Task to complete — Could you restate the entries word for word, without the images?

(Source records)
Segment Open
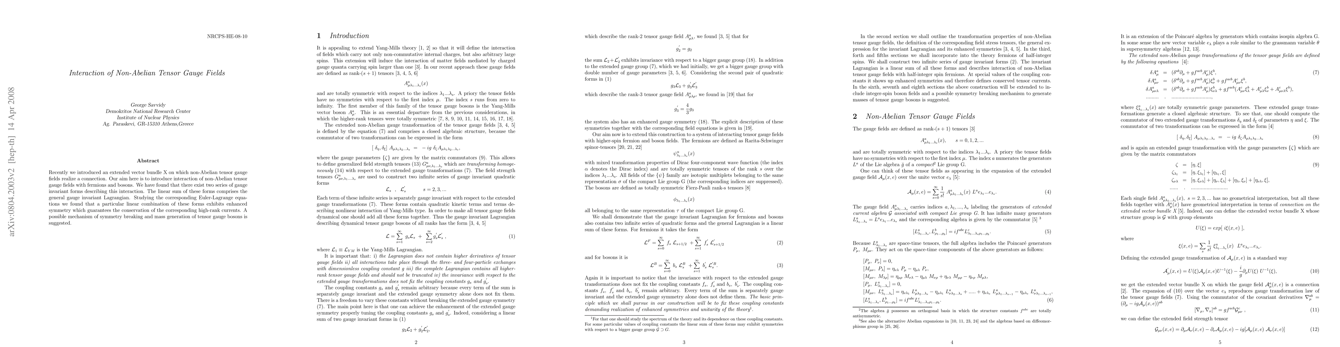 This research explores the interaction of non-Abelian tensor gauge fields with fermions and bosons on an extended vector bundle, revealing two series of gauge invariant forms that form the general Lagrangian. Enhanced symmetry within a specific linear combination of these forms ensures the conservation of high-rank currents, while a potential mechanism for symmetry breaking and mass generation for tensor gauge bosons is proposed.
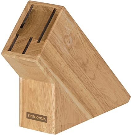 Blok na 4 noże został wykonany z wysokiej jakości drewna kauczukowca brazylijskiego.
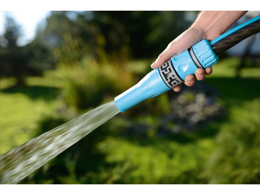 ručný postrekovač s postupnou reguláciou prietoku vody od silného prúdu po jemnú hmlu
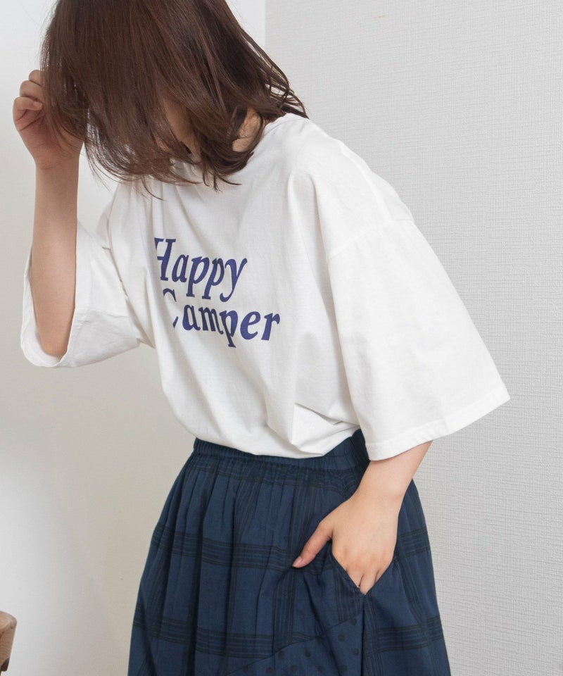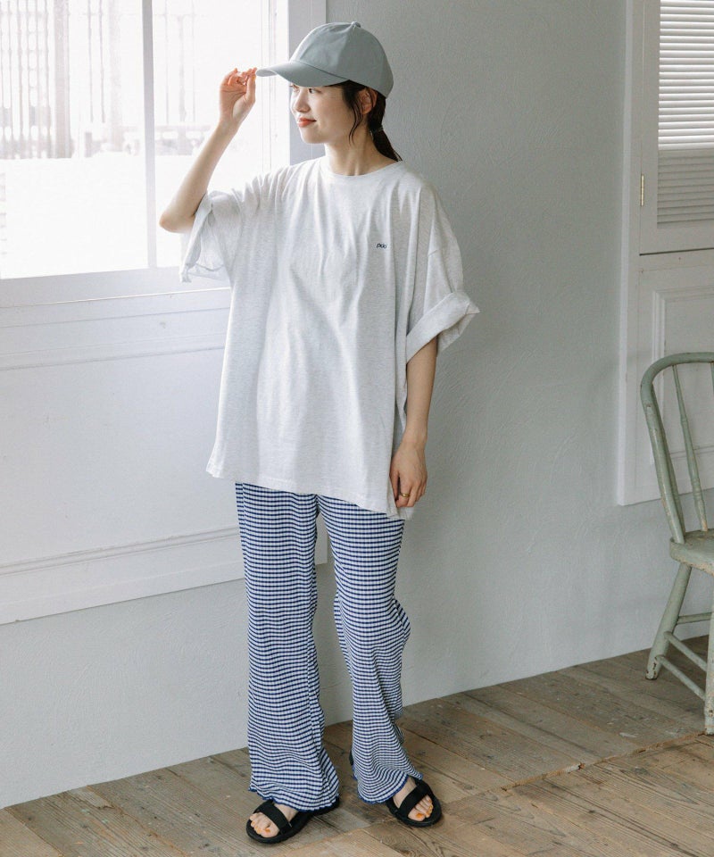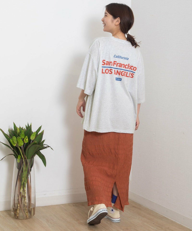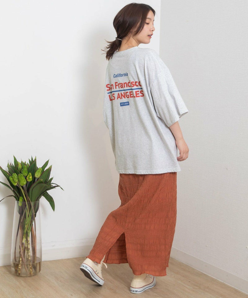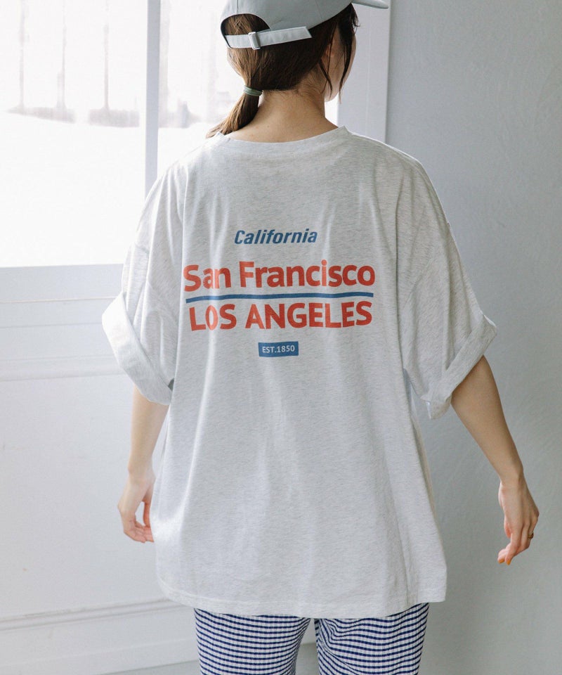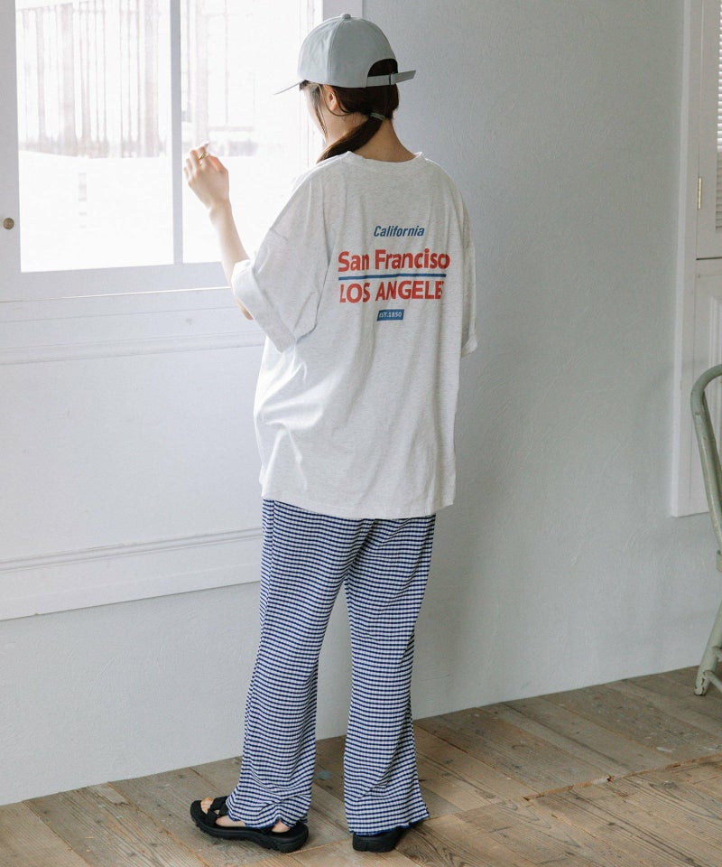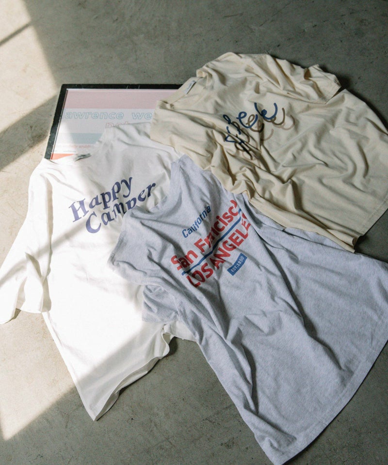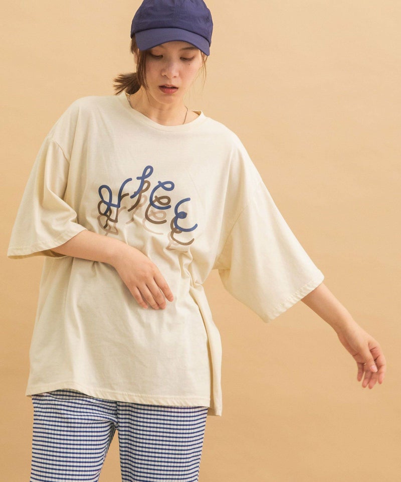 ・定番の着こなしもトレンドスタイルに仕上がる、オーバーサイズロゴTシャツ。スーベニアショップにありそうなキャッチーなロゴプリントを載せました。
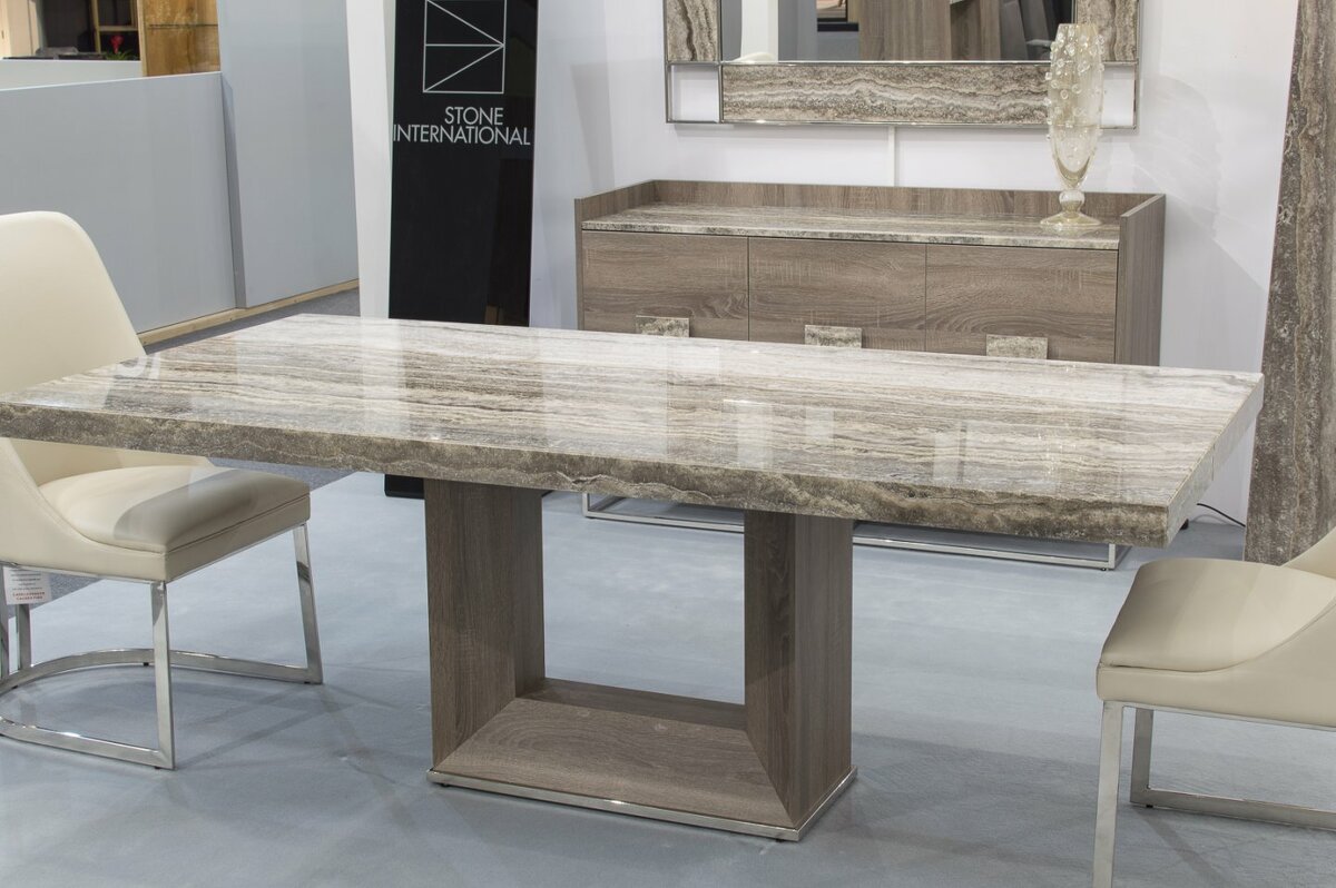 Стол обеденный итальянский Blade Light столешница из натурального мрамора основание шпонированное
Segment Closed
Answer for the task —
 This research explores the interaction of non-Abelian tensor gauge fields with fermions and bosons on an extended vector bundle, revealing two series of gauge invariant forms that form the general Lagrangian. Enhanced symmetry within a specific linear combination of these forms ensures the conservation of high-rank currents, while a potential mechanism for symmetry breaking and mass generation for tensor gauge bosons is proposed.
 Blok na 4 noże został wykonany z wysokiej jakości drewna kauczukowca brazylijskiego.
 ručný postrekovač s postupnou reguláciou prietoku vody od silného prúdu po jemnú hmlu
 ・定番の着こなしもトレンドスタイルに仕上がる、オーバーサイズロゴTシャツ。スーベニアショップにありそうなキャッチーなロゴプリントを載せました。
 Стол обеденный итальянский Blade Light столешница из натурального мрамора основание шпонированное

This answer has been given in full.